Selective Temporal Cepstrum Smoothing for Speech Enhancement
speech enhancement algorithms that modify short-term
spectral magnitudes of the noisy signal are plagued
by annoying spectral outliers that are perceived as
musical noise. Especially in nonstationary noise, such
as babble-noise or street noise, musical noise artifacts
have been an unsolved problem over the last decades.

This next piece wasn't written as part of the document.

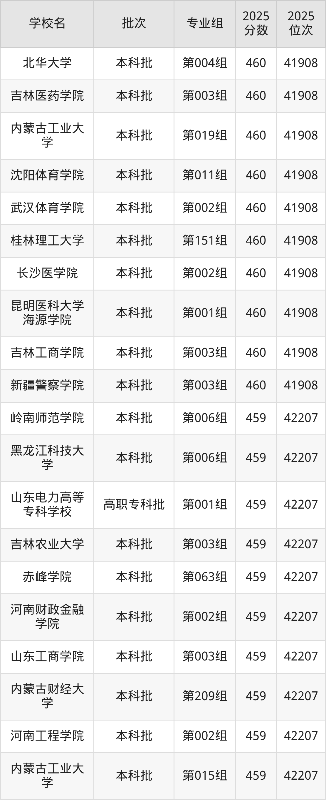 2025年内蒙古高考物理类460分(41609名~41908名)能上的大学有新疆警察学院第003组、吉林工商学院第003组、昆明医科大学海源学院第001组、长沙医学院第002组等。
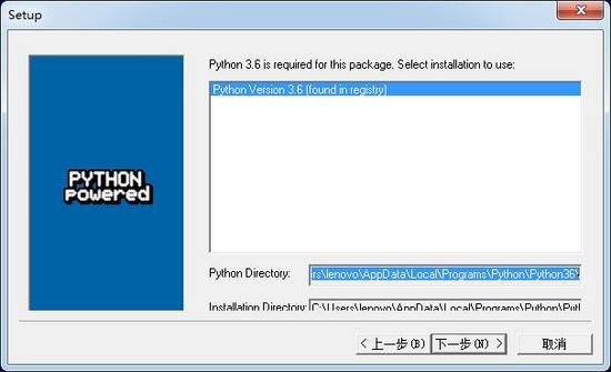 所以系统会自动根据我安装的Python安装目录将pywin32安装在C:\Users\lenovo\AppData\Local\Programs\Python\Python36\Lib\site-packages\目录中。

To reduce spectral outliers certain parameters of the
speech enhancement algorithm, such as the a priori SNR
or the gain function, should be smoothed. However, while
a temporal smoothing in the frequency domain reduces
spectral outliers, it also results in a distortion of
speech onsets and low energy speech components. A better
performance can be achieved by applying temporal smoothing
in the cepstral domain. The cepstral domain is defined
as the inverse Fourier transform of the logarithm of
the spectral magnitude. In the cepstral domain, the
signal is decomposed into the spectral envelope (lower
cepstral coefficients) and the spectral fine structure
(upper cepstral coefficients). Speech will be mainly
represented by the low cepstral coefficients and a cepstral
peak in the upper cepstrum that represents the pitch
information. A selective temporal smoothing in this
domain can be applied, i.e. no or little smoothing to
the speech related cepstral coefficients, and strong
smoothing to the remaining coefficients.
The benefits of a selective cepstrum smoothing are that
- speech onsets are preserved
- the speech spectral envelopes of plosives and fricatives are preserved
- spectral harmonics of low energy are preserved
- the musical noise phenomenon is greatly reduced
Even in babble-noise a selective cepstrum smoothing strongly reduces the musical noise phenomenon without distorting the speech signal. Listening experiments and instrumental measures consistently indicate improvements in terms of overall quality, speech quality, noise quality, noise reduction, spectral distortion and signal-to-noise ratio.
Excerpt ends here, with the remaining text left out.